O Miró também era especial. Pra dizer a verdade, não era um autentico quadro dele, mas a todos que assim exclamavam respondíamos com um silêncio sucedido por um leve sorriso, quase que em consentimento. Porém, não o dizíamos e assim não o mentíamos. O quadro era tão importante para nos que a sua história apenas nos pertencia. Foi um trabalho em conjunto, à quatro mãos. Durante um fim de semana, apenas naquele, pintamos e nos pintamos. Uma dessas experiências “divinas” que presenteamos, um ao outro; Talvez tenha sido o dia de maior união, onde corpo e alma se harmonizam, e neste caso: eu com ele, ele comigo. Na hora de assinarmos o quadro, decidimos que ficaria muito grande e feio escrever Anita/Fernando, e como numa brincadeira assinamos Miró. Como rimos! E como riamos da bestidão das pessoas diante do nosso quadro. Ele ficava na sala, numa das paredes que faziam parte da paisagem nas refeições. Nosso “Miró” me trazia a harmonia daquele dia, e sempre me fazia bem olhá-lo.
Na caixa, ao lado de “Miró”, estão também alguns livros e LP´s, sem muita história... Alguns projetos de trabalho e um laptop. A câmera fotográfica fica, a filmadora e os cd´s também. Assim como os moveis e todo o resto que não pus na caixa. Não quero conviver com a lembrança do que perdemos. Para isso já bastam o quadro e o tapete!
Ainda sinto o cheiro do morango. Mas isto foi na briga. Em meio a tantas palavras ladeadas de espinhos e olhares de flechas afiadas, o copo virou, manchando de vermelho nosso felpudo tapete cru.
Decidi levar o tapete, símbolo do nosso amor, e agora, em vermelho, símbolo de seu fim. Sim, o tapete era uma narrativa, em que eram evidentes apenas o inicio e o fim, deixando o meio presente apenas nas lembranças.

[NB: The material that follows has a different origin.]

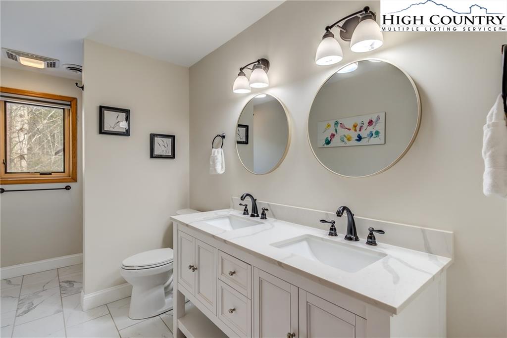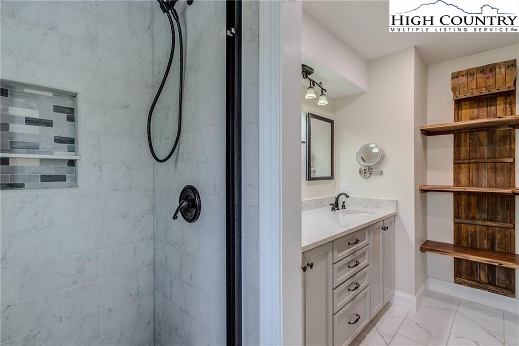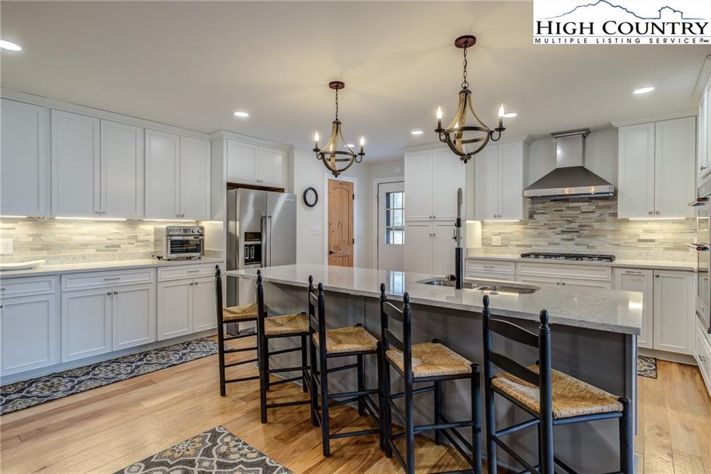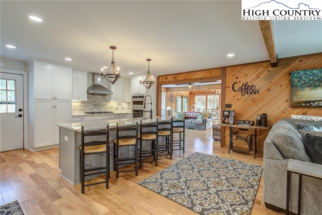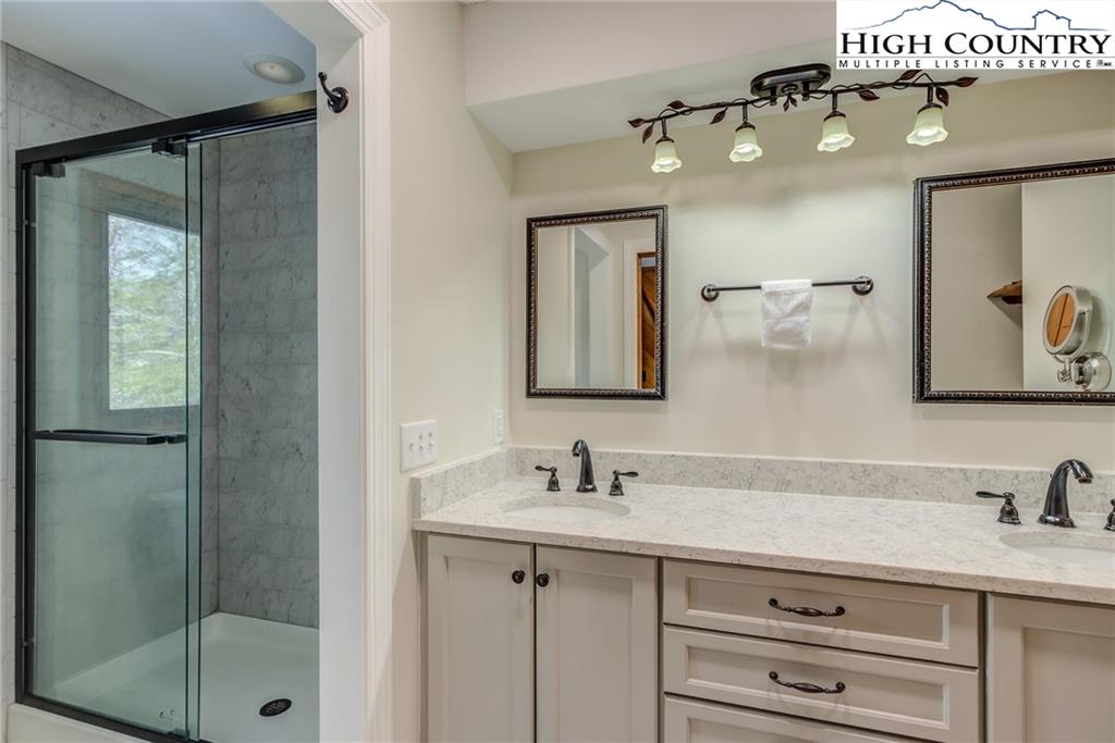 Experience breathtaking views of the Watauga River and nearby mountains while relaxing on 5.45 acres of pure cliffside bliss with over 430 feet of private river frontage! This beautiful 3-bedroom, 3.5-bath home was renovated in Spring 2023 and is the ultimate mountain retreat, delivering captivating views, hiking trails, 3 fire pits, a hot tub, game room, and so much more. Enter to a cozy front sitting room complete with a striking stone fireplace. The thoughtfully designed kitchen features custom cabinets, quartz countertops, stainless steel appliances, a walk-in pantry, and plenty of space to gather, meal prep, and entertain. The dining room and den are outfitted with expansive windows offering stunning views of the river below. Spend the days basking in the sun on your main floor decks or enjoy the breeze from your screened porch. The main floor includes two primary bedroom suites with ensuite bathrooms. One bedroom suite has a private deck and ensuite bath with a soaking tub, separate shower, double vanity with granite countertop, and a large walk-in closet. The 2nd bedroom suite has a walk-in closet and ensuite bath with a shower and double vanity. The laundry room, a half-bath, and an office with private entry are also on this level for one level living. Downstairs, you'll find a 3rd large bedroom with hallway access to a full bath with shower and double vanity. Downstairs also includes a bonus room outfitted with a custom bunk space, and a large game room decked out with ping pong, an arcade game, card table, and games galore! Outside on the covered patio, relax and soak in the hot tub while taking in the mountain and river views. Head down to the riverfront or the overlook point to enjoy a fire with the shimmering water in the background. Fantastic investment opportunity! The sellers worked with licensed contractors for renovations and to convert the old garage and laundry room into the front bedroom and bath but did not pull permits. A detached garage with 2nd floor heated area & unheated basement area could be finished out for more living space. The house sits up on the hill outside of the flood zone and the land is unrestricted. Plus, this peaceful retreat is just 17 min to Boone and 17 min to Watauga Lake! Launch your kayak from your backyard and enjoy river breezes all day long. Spend the afternoon exploring the nearby hiking trail that leads to a gorgeous waterfall or explore the exclusive trails on your property. Experience a quieter kind of wild - private waterfront living with all the serenity and none of the crowds. Come see this amazingly versatile mountain retreat!

Quanto à mancha, decidi por deixá-la. Digamos que é arte-pop e que ao lado de “Miró” ninguém vai estranhar.
Tenho que comprar um microondas, uma geladeira, um colchão e uma vitrola. Tenho também que reaprender a ser apenas eu novamente. Como será não ter com que falar ao acordar? Como será voltar a dormir depois de um pesadelo?
Tento relembrar a sensação da paixão do inicio. Não consigo.
Tento respirar fundo, também em vão.
Tento relaxar no tapete felpudo e um pouco dormir, só.
Fecho os olhos ao sentir os felpos tocarem meu rosto. Penso sentir o cheiro daquele dia. Penso ter sido tudo um sonho. Mas não. O cheiro do morango me traz de volta. Maldita mancha!
O ranger da porta faz meus olhos abrirem. Fernando entra trazendo em seu colo o que ele disse uma aventura, o que eu disse fruto. Era o seu filho. Delicadamente repousam no chão pezinhos que mal se sustentam em pé. Ele cai diante de mim, repousa a pequena mão no meu braço e sorri.